Couple days ago, took a call about gas leaks at new construction project. Started sketchy right off the bat. Got there and found every CSST fitting coated with black and gray pipe dope. The "foreman" said the other "plumber" had lots of trouble with leaks. The dude was supplying the material for this "plumber". I was thinking no self-respecting plumber is going to install any of that big box CSST anyway, much less install customer-supplied CSST. Anyway, show & tell:

Here's a gallery if you care to gander

https://drive.google.com/folder/d/0B27cq8QRKuTTTHhnVmp3TUh3V2c/edit


----------



## Debo22 (Feb 15, 2015)

Did you say I'm going to the truck for a notepad and I'll be right back, never to be heard from again? With tires screeching


----------



## 760GWS (Mar 16, 2015)

In fact I did go to the truck to get paper to write down measurements and the guy saw me jogging up the driveway. He asked if I was taking off. It was hilarious. I know he thought I was bailing. But you can't these days; online reviews & all. 

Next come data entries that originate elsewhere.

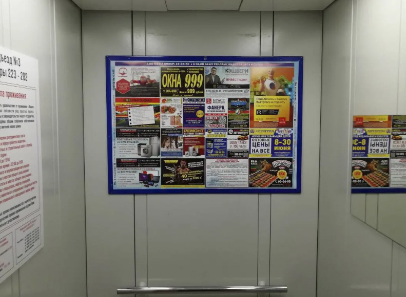 Размещение рекламы в лифтах пользуется большой популярностью среди рекламодателей, поскольку данная реклама стоит недорого и охватывает большую целевую аудиторию. По статистике до 70% жителей домов обращают внимание на рекламу в лифте и регулярно обращаются к листовкам в лифтах для получения информации о товарах, услугах, ценах и акциях.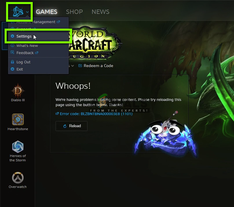 It seems that the Blizzard application tries to open the game in the ‘optimal’ streaming environment but fails to do so which causes the game to go into a not-responding state. In this solution, we will open your Blizzard application and disable Streaming.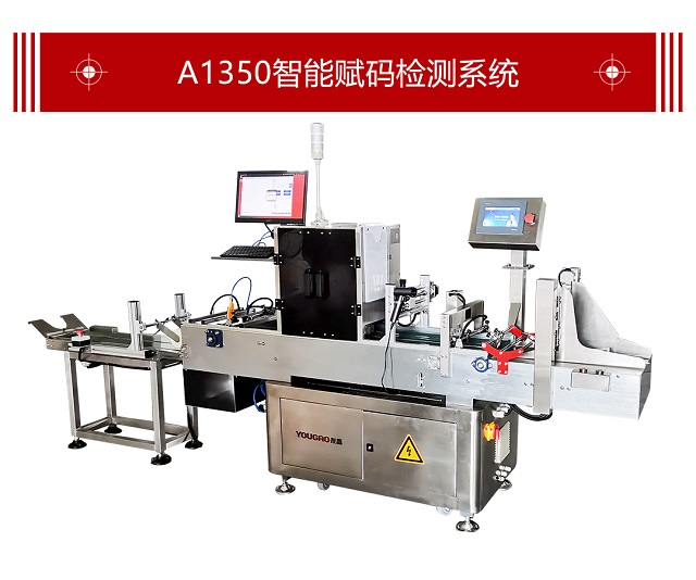 A1350A智能賦碼檢測(cè)系統(tǒng),A1350A是友高定位于物聯(lián)網(wǎng)標(biāo)識(shí)中“識(shí)”的部分。該款產(chǎn)品主要功能是進(jìn)行生產(chǎn)日期檢測(cè),將生產(chǎn)日期“錯(cuò)、漏、殘、缺”問(wèn)題一網(wǎng)打盡,統(tǒng)統(tǒng)檢測(cè)出來(lái),精準(zhǔn)剔除不良品;袋裝、盒裝產(chǎn)品重張檢測(cè)技術(shù)使重張、連張漏碼不再有。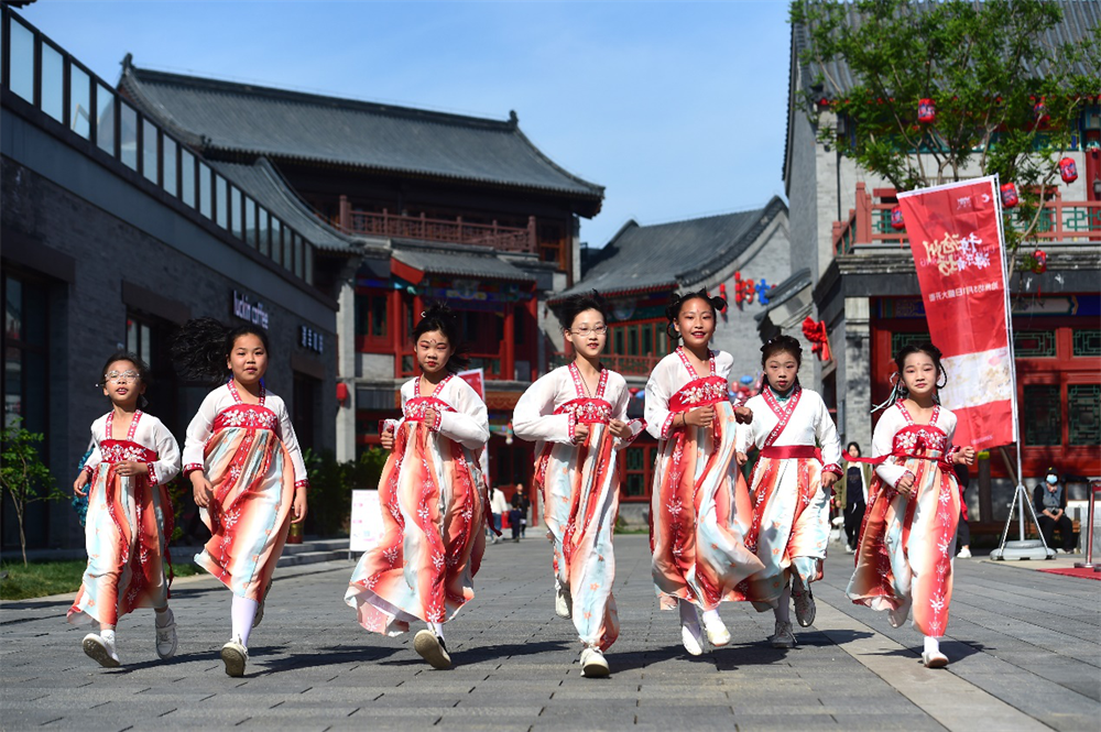 來自滄州新華區(qū)的孩子身著古裝,在滄州坊商街游玩。傅新春攝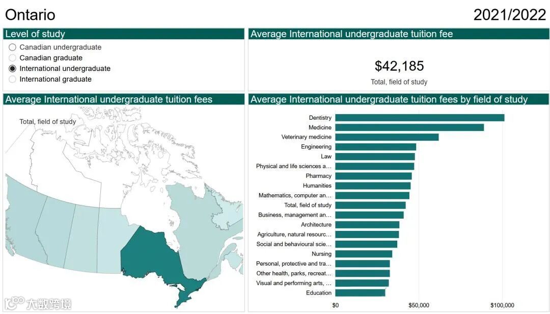 由于安省的学费高于全国平均水平,所以在安省学习各个专业的支出也较高,比如最贵的专业为牙医,平均学费超出$6万加元。
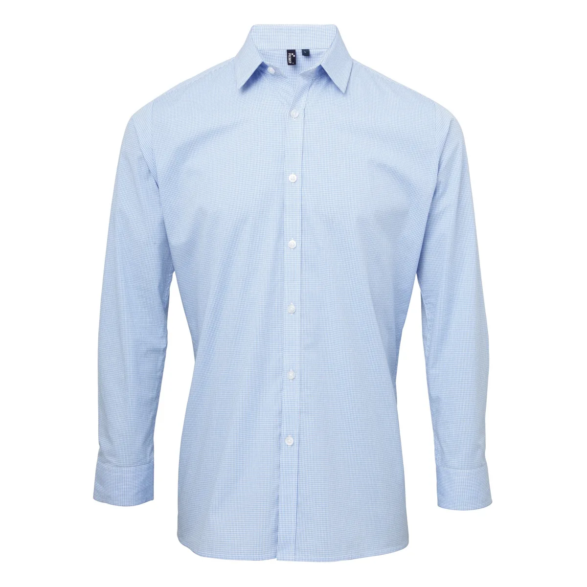 Premier Herenmicrocheck shirt met lange mouwen (Lichtblauw/Wit)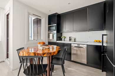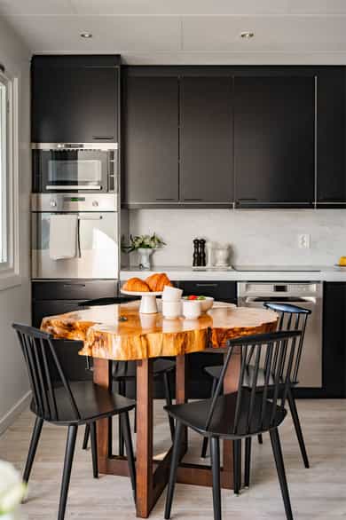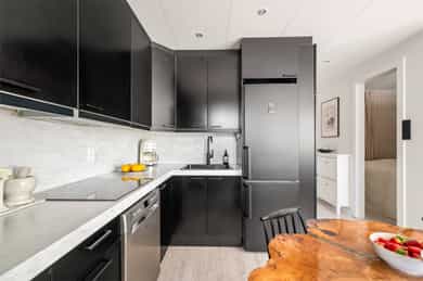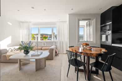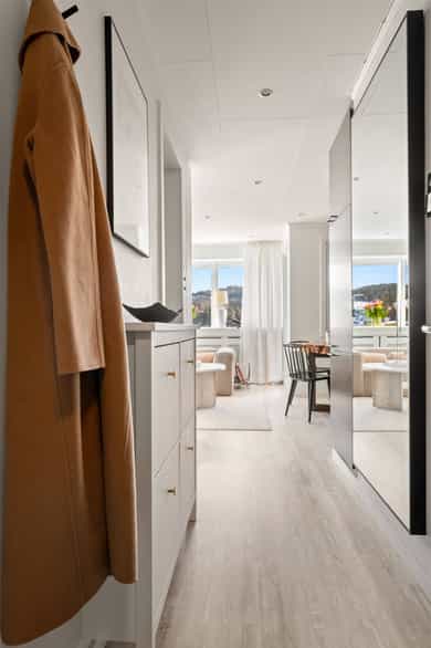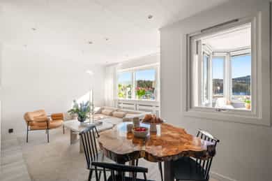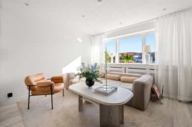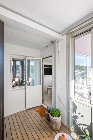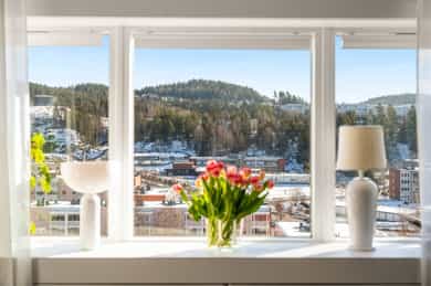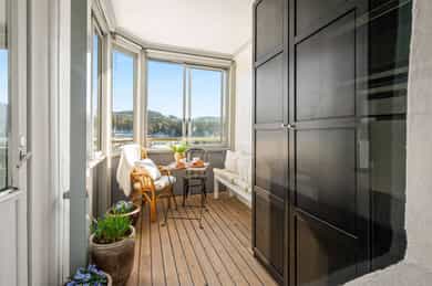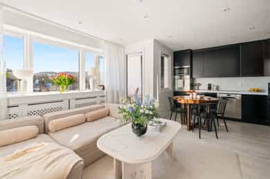 Stue: Lys og romslig stue med store vindusflater i flere retninger som gir svært gode lysforhold, flott utsikt og lite innsyn. Fra stuen er det utgang til balkong. Gode møbleringsmuligheter med plass til sofaseksjon med tilhørende møblement samt spisebord. Stilren, plassbygd innredning fra 2021. Kjøkkenet ligger i åpen løsning mot stuen, noe som gir en sosial og luftig planløsning. Sovealkove: Praktisk sovealkove etablert med lettvegger i tilknytning til stuen. Alkoven har plass til dobbeltseng samt integrert garderobeskap for oppbevaring. Innglasset balkong: Romslig, innglasset balkong på ca. 7 kvm med utgang fra stuen. Her kan utsikten nytes året rundt, og det er god plass til utemøbler. Terrassegulvet er slipt og oljet etter 2021. Det medfølger også et stort garderobeskap som gir gode oppbevaringsmuligheter. Kjøkken: Pent kjøkken med mørke, glatte fronter og laminat benkeplate med nedfelt vaskekum. God skap- og benkeplass. Integrert koketopp, stekeovn og oppvaskmaskin. Kullfilterventilator over kokeplass. Waterguard montert. Bad: Pent og tidsriktig bad med baderomsinnredning med oppbevaring, vegghengt speilskap med belysning og dusjhjørne med svingbare glassdører. Flislagt gulv med elektrisk gulvvarme og flislagte vegger. Malt himling. Elektrisk styrt vifte med tilluft fra spalte i dør. Entré: Innbydende entré med god plass til oppheng av yttertøy og oppbevaring av sko. Stor skyvedørsgarderobe med speilfronter gir gode oppbevaringsmuligheter. Dørtelefon ved inngangsdøren. Tilstandsrapport for boligen er vedlagt salgsoppgaven. Se denne for nærmere informasjon om tilstandsgrad.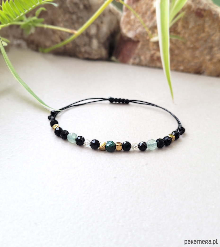 Przepiękna delikatna bransoletka zrobiona z kamieni naturalnych: Turmalinu, Malachitu naturalnego, Awenturynu, Hematytu oraz Cyrkonii.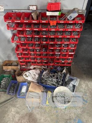 84 BIN RACK & CONTENTS LARGE QUANTITY NUTS, BOLTS & WASHERS, PLUS LOOSE TUBS & GALV BOLTS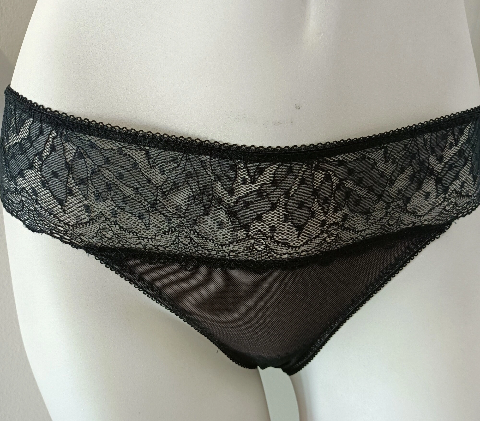 Klasyczne czarne figi, tym razem z szerokim koronkowym wykończeniem.Niczym seksowny pas zdobi biodra i wygląda wyjątkowo zmysłowo.Linia pośladków również otulona koronką.Dół bielizny jest lekko prześwitujący, by pobudzać wyobraźnię.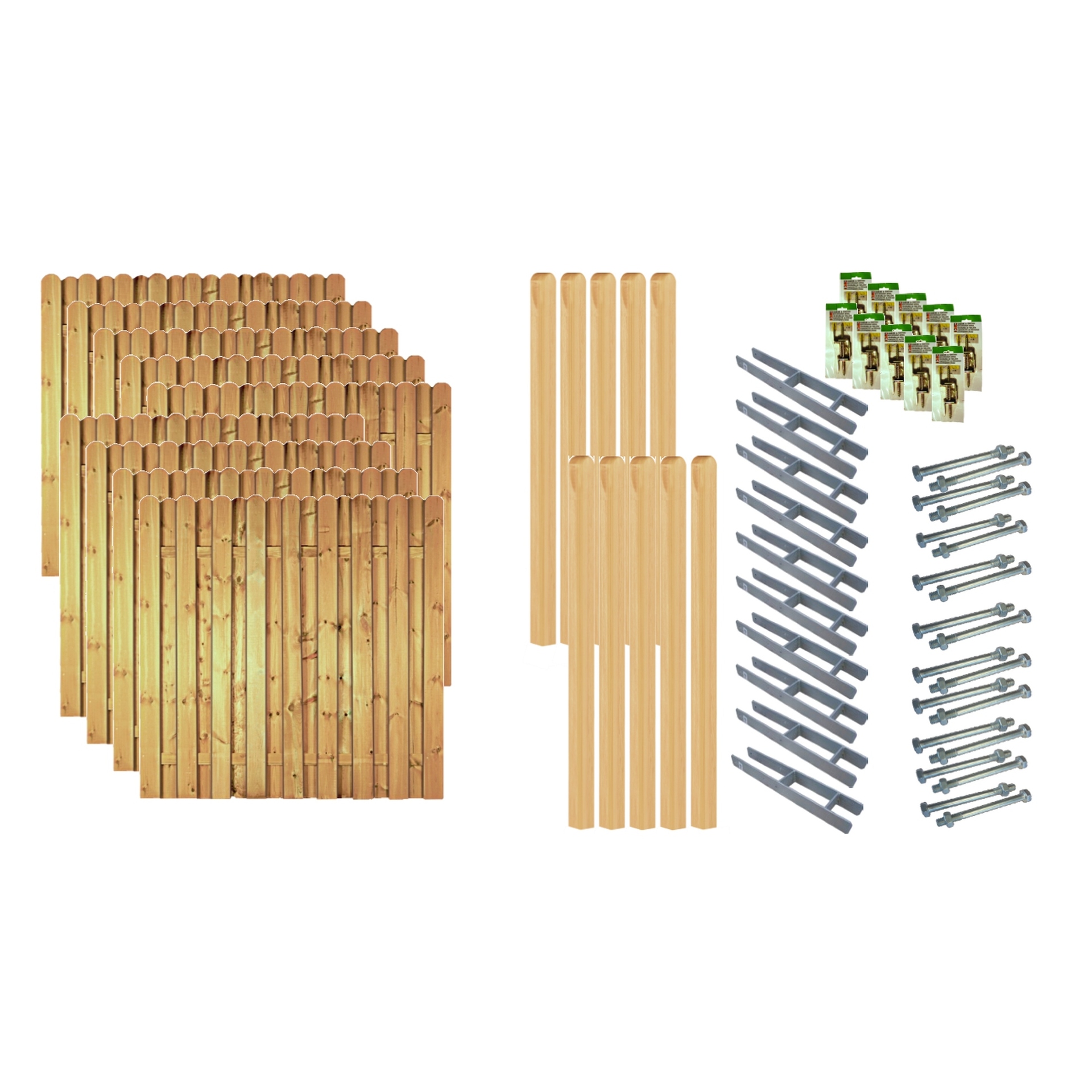 9 Elemente 180×180 cm; 10 Pfosten 9x9x190 cm gerundet; 10 H-Pfostenträger, 9 Pakete L-Beschläge mit Schrauben; 10 Pakete Durchgangsschrauben. Achtung: Biozidprodukte vorsichtig verwenden. Vor Gebrauch stets Etikett und Produktinformationen lesen.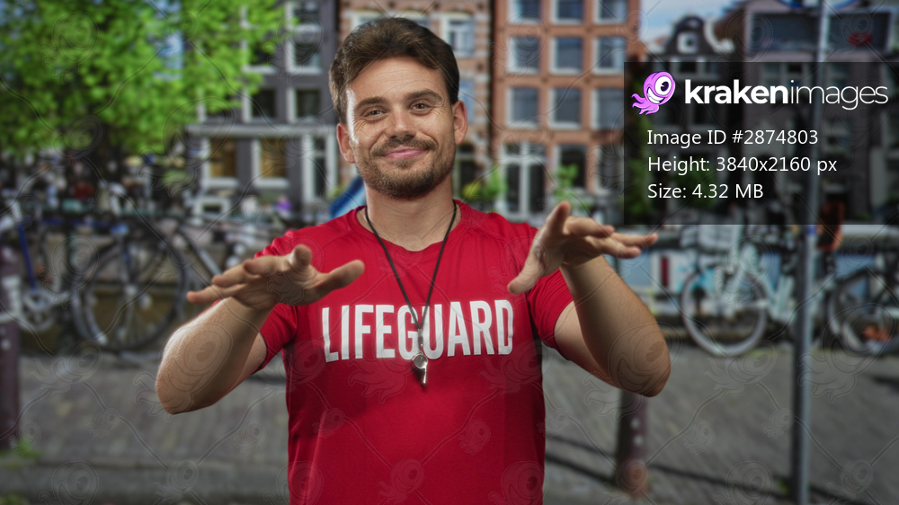 Man lifeguard in red shirt with lifeguard text and whistle, hands reaching forward in an open gesture on a street by canal buildings in amsterdam; confidence. - Kraken Images
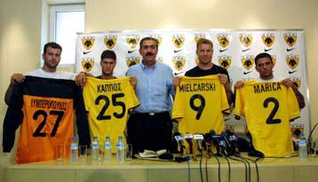 Οι άλλοι τρεις ποδοσφαιριστές είχαν ήδη ανακοινωθεί και πρόκειται για τον Πολωνό επιθετικό της Πογκόν Σέτζιν, Γκρέγκορζ Μιελκάρσκι, τον τερματοφύλακα της Καλαμάτας Σωτήρη Λυμπερόπουλο και τον επιθετικό της ίδιας ομάδας Στάθη Κάππο. Ο Μάκης Ψωμιάδης ήταν αυτός που παρουσίασε τους τέσσερις ποδοσφαιριστές και τόνισε από το βήμα της συνέντευξης Tύπου που δόθηκε στο γήπεδο της ΑΕΚ, τα εξής: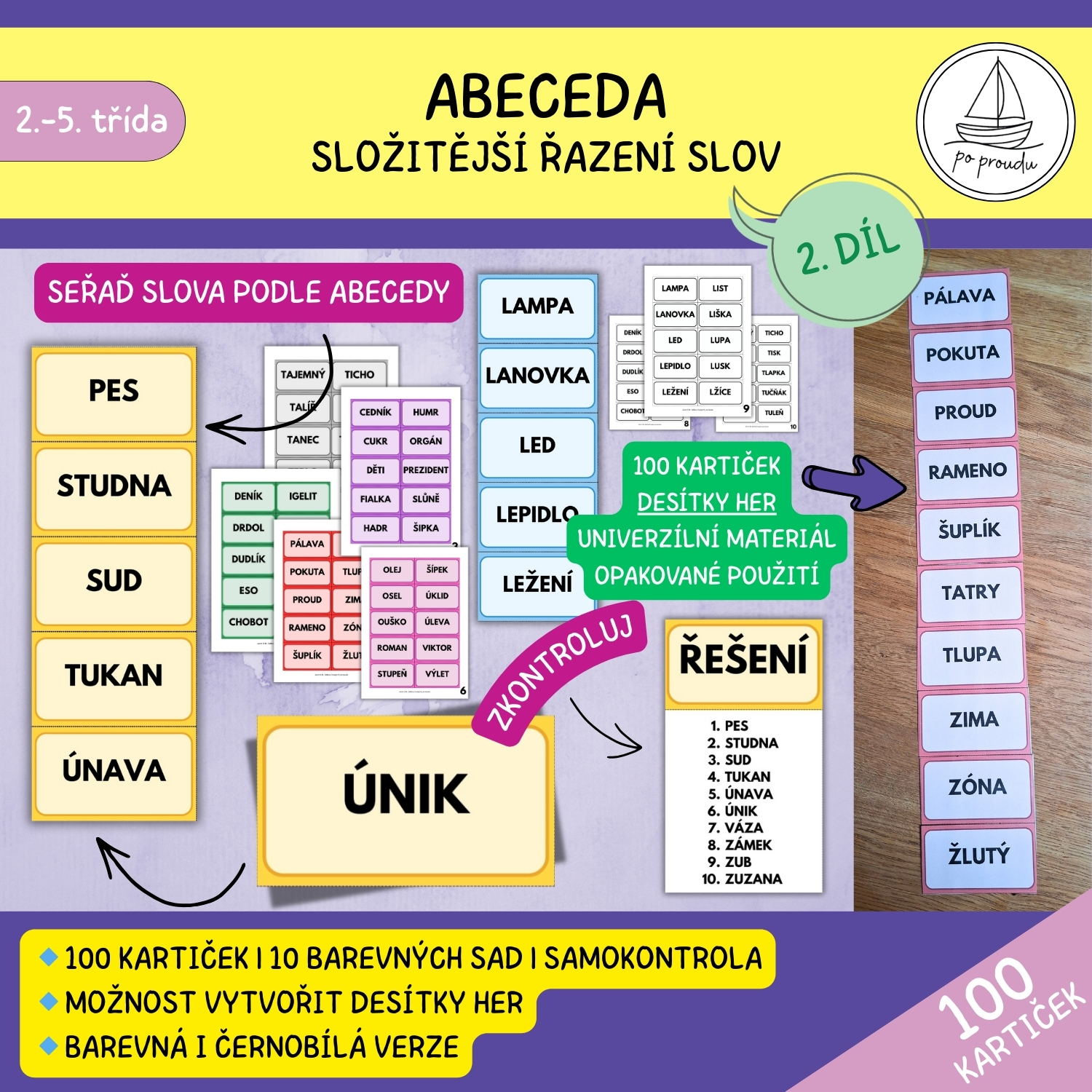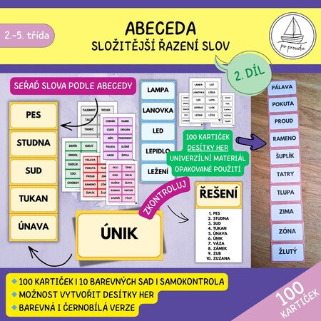 Univerzální materiál obsahuje 100 kartiček, desítky her a pestré využití. Druhý díl se zaměřuje na složitější řazení slov podle abecedy. ✨

Just for exercise I ran the numbers 659k btuh demand (no rating plates to go by), longest run 120', 2" main required. Existing is 1-1/4.


----------



## wharfrat (Nov 1, 2014)

Hopefully you get the job and yank all that poo poo out. That would feel good.


----------



## plumbdrum (Nov 30, 2013)

That stuff should be banned .


----------



## paultheplumber1 (May 1, 2014)

It's bad enough when it is installed properly


----------